Sich selbst sieht Cap auf der Seite der Aufdecker: Am Beginn der Debatte, ob es den U-Ausschuss geben soll oder nicht, habe man einem mit allen Themen zugestimmt, obwohl man wisse, dass an den Vorwürfen bezüglich der Inserate nichts dran sei. Hätte man damals gesagt, man wolle das Thema nicht, das ja nicht vergleichbar sei mit den anderen Untersuchungsgegenständen, dann hätte es den Ausschuss nicht gegeben, weil die ÖVP das nicht gewollt hätte. Überhaupt versteht Cap die Aufregung nicht: "Jeder inseriert", das sei "nichts Unanständiges". Jeder U-Ausschuss ende wegen der Opposition im Streit, es brauche eine "radikale Reform" der Verfahrens- und Geschäftsordnung. Cap schwebt vor, einem U-Ausschuss beispielsweise ein Limit von einem Jahr zu setzen. Man wolle sich für einen neuen Anlauf bemühen.

Böse Reaktionen

Die Reaktionen ließen nicht lange auf sich warten: Heftige Kritik kam dabei auch vom Koalitionspartner ÖVP. "Cap überspannt den Bogen zunehmend", meinte ÖVP-Generalsekretär Hannes Rauch angesichts der "hanebüchenen Verteidigungsversuche", die Cap für Bundeskanzler Werner Faymann (S) im Zusammenhang mit der Inseratenaffäre vorbringe. "Die unabhängige Justiz anzuschütten, mag ein Zeichen von Nervosität der SPÖ sein, ist aber mit Sicherheit ein Manöver, das sich eine Regierungspartei sehr gut überlegen sollte", meinte Rauch in einer Aussendung. Die Weisungen der Oberstaatsanwaltschaft und des Ministeriums würden dem U-Ausschuss und damit auch Cap vorliegen. "Worum geht es in der Inseratencausa wirklich? (...) Es geht einzig und allein um die Frage, ob ein Regierungsmitglied Steuergeld dazu missbraucht hat, sich angenehme Berichterstattung zu erkaufen", so Rauch. "Es ist daher zu hoffen, dass die SPÖ sich besinnt und uneingeschränkt mit dem parlamentarischen U-Ausschuss kooperiert und alles dazu beiträgt, damit Licht ins Dunkel der Inseratenaffäre gelangt."

FPÖ tobt ebenso

"Cap macht den roten Quatsch nur noch quätscher und redet sich und seine Partei in der Inseratenaffäre in einen immer größeren Schlamassel hinein", findet der freiheitliche Fraktionsführer im Untersuchungsausschuss, FPÖ-Generalsekretär Harald Vilimsky. "Wenn sein Parteichef Faymann nichts am Kerbholz hat, dann gibt es auch keinen Grund, warum er sich nicht dem Untersuchungsausschuss stellen sollte." Er sei im Übrigen der festen Überzeugung, dass Cap selber nicht glaube, was er sagt.

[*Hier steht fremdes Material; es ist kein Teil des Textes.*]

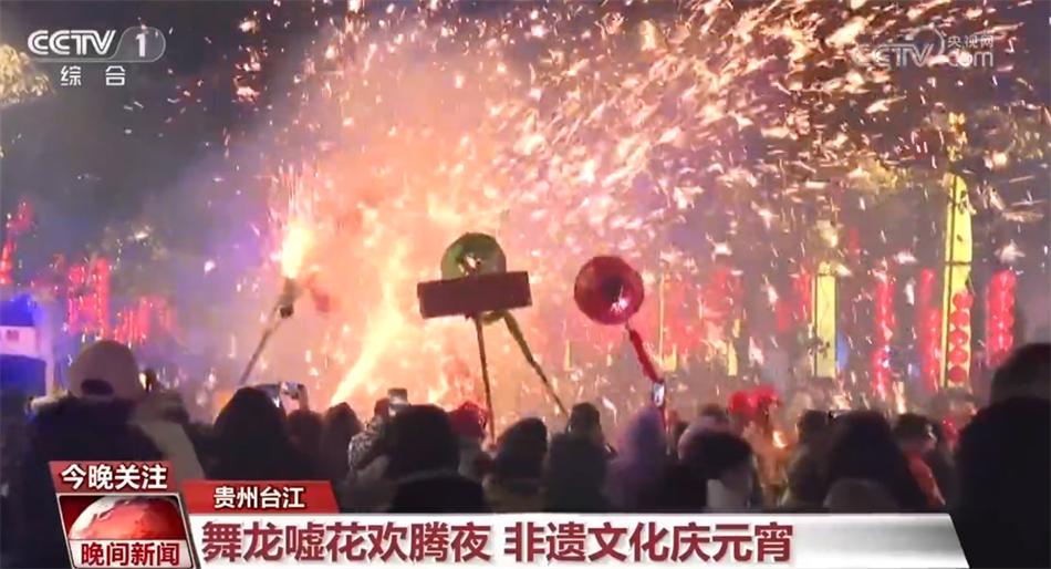 而在貴州省臺(tái)江縣,一場規(guī)模盛大的舞龍噓花在這里上演。舞龍噓花是元宵節(jié)苗族的習(xí)俗,也是我國非物質(zhì)文化遺產(chǎn)項(xiàng)目。舞龍隊(duì)員們赤膊上陣舞動(dòng)長龍,周圍群眾用裝滿火藥的噓花筒向龍身噴射焰火。在火光中,金龍上下翻騰,舞龍噓花也被稱為“勇敢者的游戲”。

Grüne wollen "ethischen Neustart<"

"Der unausweichlich notwendige ethische Neustart der Republik Österreich kann nur gelingen, wenn alle alten Affären aufgeklärt werden", forderte der Grüne Vize-Klubchef Werner Kogler. "Einerseits selbstverständlich von den Strafgerichten, vielmehr aber noch müssen politische Verantwortungen aufgezeigt und letztlich Konsequenzen gezogen werden." Kogler kritisierte abermals, dass die Regierungsparteien nur mehr wenige Sitzungstage und Zeugen im U-Ausschuss zugelassen hatten.

BZÖ-Bündniskoordinator Markus Fauland wiederum ist der Meinung, Cap habe "nur billige Ausreden geliefert, um das Aufdecken der Inseratenaffäre rund um Bundeskanzler Faymann im U-Ausschuss zu verhindern". Es sei "absurd", die Nichtladung Faymanns mit möglichen Anzeigen nach einer Aussage des Kanzlers im U-Ausschuss zu argumentieren.